**Aim of the exercise**
Nothing outside the range is to be copied. From the entries below, reproduce exactly the lines starting at the one with "UFA16-310-6-018 | Удлинитель" and ending at the one with "BO 」としか書いてなかったムルソーにしました◇ムルソー ジュヌヴリエール", without pictures.
*** The records
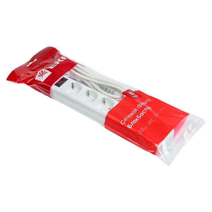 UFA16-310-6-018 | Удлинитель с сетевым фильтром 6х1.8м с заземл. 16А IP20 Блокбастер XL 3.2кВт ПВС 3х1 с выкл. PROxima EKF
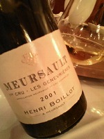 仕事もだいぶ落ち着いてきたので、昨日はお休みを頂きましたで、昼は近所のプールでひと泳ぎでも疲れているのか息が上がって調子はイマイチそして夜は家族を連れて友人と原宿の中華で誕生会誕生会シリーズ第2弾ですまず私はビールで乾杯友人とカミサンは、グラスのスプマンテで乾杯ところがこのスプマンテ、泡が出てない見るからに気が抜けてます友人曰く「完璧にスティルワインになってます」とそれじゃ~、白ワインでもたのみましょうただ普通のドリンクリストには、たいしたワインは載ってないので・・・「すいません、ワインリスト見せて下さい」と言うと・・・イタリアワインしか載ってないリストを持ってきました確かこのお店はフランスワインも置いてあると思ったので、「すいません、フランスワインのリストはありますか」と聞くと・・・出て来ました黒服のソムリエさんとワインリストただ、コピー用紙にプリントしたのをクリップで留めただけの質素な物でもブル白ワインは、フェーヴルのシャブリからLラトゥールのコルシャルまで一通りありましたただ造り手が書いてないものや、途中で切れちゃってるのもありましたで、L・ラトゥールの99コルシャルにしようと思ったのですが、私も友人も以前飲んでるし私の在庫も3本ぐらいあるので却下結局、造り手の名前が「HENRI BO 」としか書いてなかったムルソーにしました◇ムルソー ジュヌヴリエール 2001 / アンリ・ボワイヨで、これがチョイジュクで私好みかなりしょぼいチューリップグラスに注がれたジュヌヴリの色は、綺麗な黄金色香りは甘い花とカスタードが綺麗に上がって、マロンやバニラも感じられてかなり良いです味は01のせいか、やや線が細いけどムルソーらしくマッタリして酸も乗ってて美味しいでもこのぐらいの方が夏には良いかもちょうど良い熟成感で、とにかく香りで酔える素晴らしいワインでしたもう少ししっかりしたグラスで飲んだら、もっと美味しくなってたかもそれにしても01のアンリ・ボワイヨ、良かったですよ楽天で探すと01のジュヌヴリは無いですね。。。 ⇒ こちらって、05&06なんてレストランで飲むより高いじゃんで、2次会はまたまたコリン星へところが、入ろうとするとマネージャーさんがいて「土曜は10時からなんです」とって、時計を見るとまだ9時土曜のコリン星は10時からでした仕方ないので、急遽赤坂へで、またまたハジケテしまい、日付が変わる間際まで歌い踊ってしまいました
******
*** The records
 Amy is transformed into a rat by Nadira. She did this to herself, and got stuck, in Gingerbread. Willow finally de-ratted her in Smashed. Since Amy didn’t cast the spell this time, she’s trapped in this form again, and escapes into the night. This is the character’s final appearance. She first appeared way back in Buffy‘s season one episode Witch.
******
**The completed task**
 UFA16-310-6-018 | Удлинитель с сетевым фильтром 6х1.8м с заземл. 16А IP20 Блокбастер XL 3.2кВт ПВС 3х1 с выкл. PROxima EKF
 仕事もだいぶ落ち着いてきたので、昨日はお休みを頂きましたで、昼は近所のプールでひと泳ぎでも疲れているのか息が上がって調子はイマイチそして夜は家族を連れて友人と原宿の中華で誕生会誕生会シリーズ第2弾ですまず私はビールで乾杯友人とカミサンは、グラスのスプマンテで乾杯ところがこのスプマンテ、泡が出てない見るからに気が抜けてます友人曰く「完璧にスティルワインになってます」とそれじゃ~、白ワインでもたのみましょうただ普通のドリンクリストには、たいしたワインは載ってないので・・・「すいません、ワインリスト見せて下さい」と言うと・・・イタリアワインしか載ってないリストを持ってきました確かこのお店はフランスワインも置いてあると思ったので、「すいません、フランスワインのリストはありますか」と聞くと・・・出て来ました黒服のソムリエさんとワインリストただ、コピー用紙にプリントしたのをクリップで留めただけの質素な物でもブル白ワインは、フェーヴルのシャブリからLラトゥールのコルシャルまで一通りありましたただ造り手が書いてないものや、途中で切れちゃってるのもありましたで、L・ラトゥールの99コルシャルにしようと思ったのですが、私も友人も以前飲んでるし私の在庫も3本ぐらいあるので却下結局、造り手の名前が「HENRI BO 」としか書いてなかったムルソーにしました◇ムルソー ジュヌヴリエール 2001 / アンリ・ボワイヨで、これがチョイジュクで私好みかなりしょぼいチューリップグラスに注がれたジュヌヴリの色は、綺麗な黄金色香りは甘い花とカスタードが綺麗に上がって、マロンやバニラも感じられてかなり良いです味は01のせいか、やや線が細いけどムルソーらしくマッタリして酸も乗ってて美味しいでもこのぐらいの方が夏には良いかもちょうど良い熟成感で、とにかく香りで酔える素晴らしいワインでしたもう少ししっかりしたグラスで飲んだら、もっと美味しくなってたかもそれにしても01のアンリ・ボワイヨ、良かったですよ楽天で探すと01のジュヌヴリは無いですね。。。 ⇒ こちらって、05&06なんてレストランで飲むより高いじゃんで、2次会はまたまたコリン星へところが、入ろうとするとマネージャーさんがいて「土曜は10時からなんです」とって、時計を見るとまだ9時土曜のコリン星は10時からでした仕方ないので、急遽赤坂へで、またまたハジケテしまい、日付が変わる間際まで歌い踊ってしまいました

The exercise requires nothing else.